Valeri Simeonov: Why I resigned as Bulgaria’s Deputy PM

Valeri Simeonov, a co-leader of Bulgaria’s government minority coalition partner the United Patriots, said on November 16 that his surprise announcement of his resignation had come as a result of an “ongoing media campaign” against him.

At 8.20pm, public broadcaster Bulgarian National Television said that Bulgarian PM Boiko Borissov had accepted Simeonov’s resignation as Deputy Prime Minister.

Simeonov has been at the centre of controversy for weeks after he derided protesting mothers of children with disabilities as “shrill women” whose children were “supposedly ill”.

He told reporters at a special news conference at the Cabinet office on the night of November 16 that his resignation as a deputy head of government came as a result of the “media campaign” against him, and attacks on his character, but also against MPs from his National Front for the Salvation of Bulgaria party.

Simeonov said that these latter attacks were based on a “partial publication” of statements by members of his NFSB party.

He was referring to reports about defamatory comments made by one of his MPs about anti-government protesters, reports that caused political clashes between government and opposition on November 16.

“I clearly realise that this is a media campaign that benefits certain political forces,” Simeonov said.

He said that it was not about him personally but about the government of Bulgaria, and he could not be a millstone and create the preconditions for protests and attacks.

Simeonov said that his resignation from government was aimed at “depriving the protests of the cause, at least in part”.

“There is no drama, I am doing what my conscience dictates,” he said.
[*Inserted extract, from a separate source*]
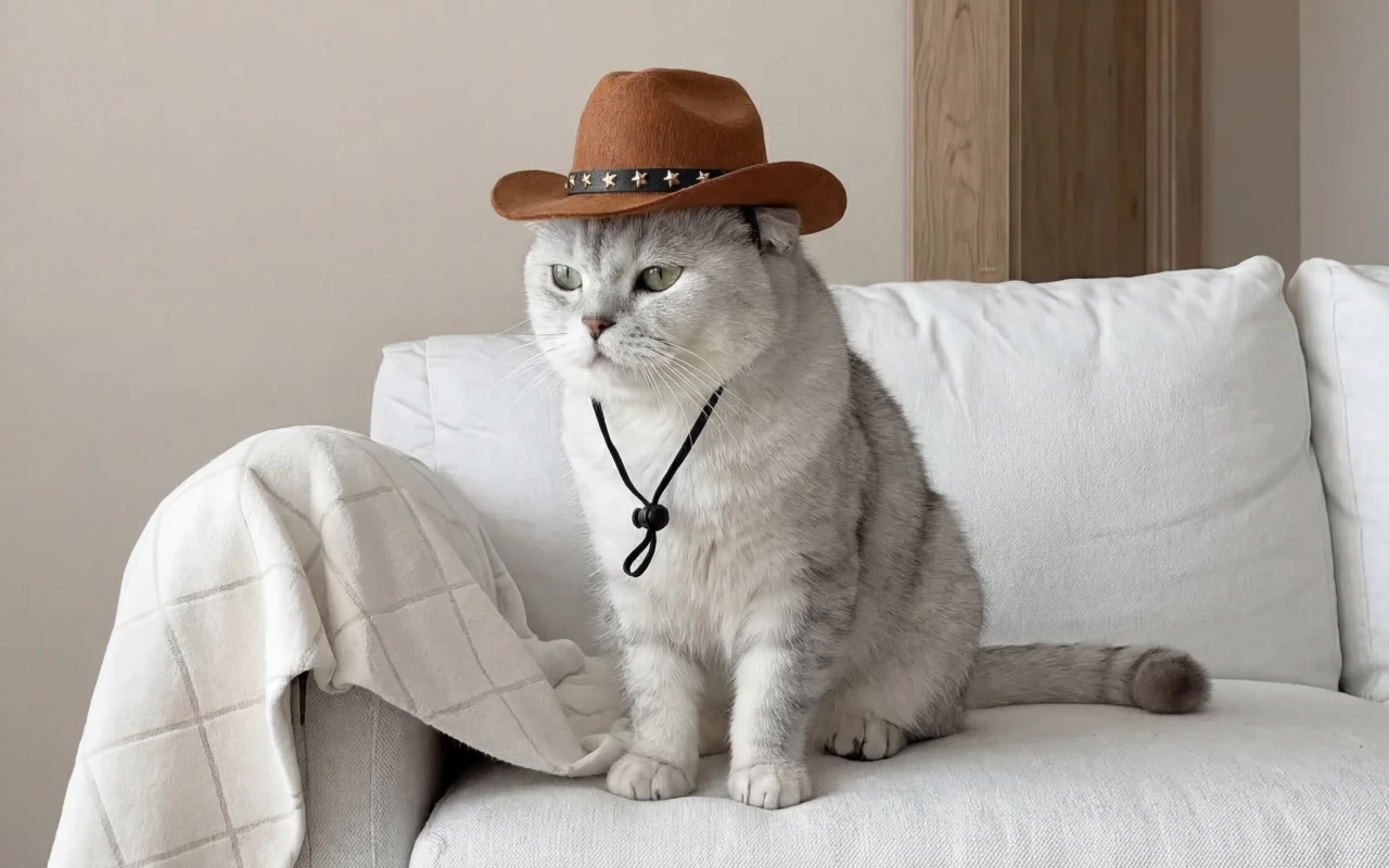 Jeg bestilte hatten til katten min som en spøk, men det ble en daglig greie. Hun ligger på sofaen med den på og ser ut som en liten sheriff.

Simeonov said that he was not making the move under pressure but had decided to submit his resignation after consulting his NFSB party.

Counting the night of November 16, the protests demanding Simeonov’s resignation as Deputy Prime Minister have been going on for 26 days.

His resignation coincides with the start of a so-called “national protest” over three days demanding the resignation of Borissov’s government, and after a week of protests over “high fuel prices” also seeking the resignation of the Borissov government.